Now, without right away pinpointing it could be a consistent technical error which I believe it part of it. Have been torquing upwards lately and I'm not sure how to fix that. Some releases are nice and calm and most others are panicked. I can't seem to relax and calm down and it't affecting my confidence.

Anyone else have similar issues. Any ideas how to get through it?


----------



## montigre (Oct 13, 2008)

Sounds like you're thinking too much about score and improving and not enough about just shooting good form. I'd suggest that you shoot no further than 10 yards or so for the next couple/few weeks and concentrate not so much on where your arrow goes on the target, but whether or not you made a good, solid shot using your best form.

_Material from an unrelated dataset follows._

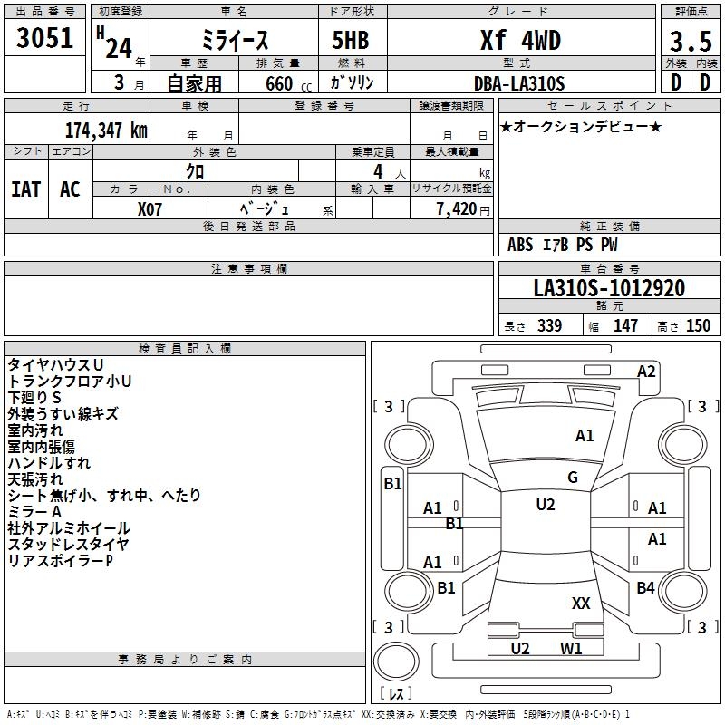 DAIHATSU MIRA E:S Xf 4WD - лот 3051

If, at first, the target is still too distracting at 10 yards, remove it for a week and just shoot a blank bale, then put it back up.

Your groups will likely open at first, but if you stick with it, you'll see them close down again and you'll be in a better position to take this newly established form to the club shoots with you and do well. 

Remember, unless your relying on archery to pay your mortgage each month, it is just a game and is supposed to be fun.


----------



## XForce Girl (Feb 14, 2008)

Montigre is correct.
Do not think about scores. Concentrate on making a perfect repeatable shot every time. 
Blank bailing is not fun but it is necessary. Take the target down and shoot up close. 
Hey, its less steps to get your arrows. As Larry wise told us, were practicing shooting not walking.


----------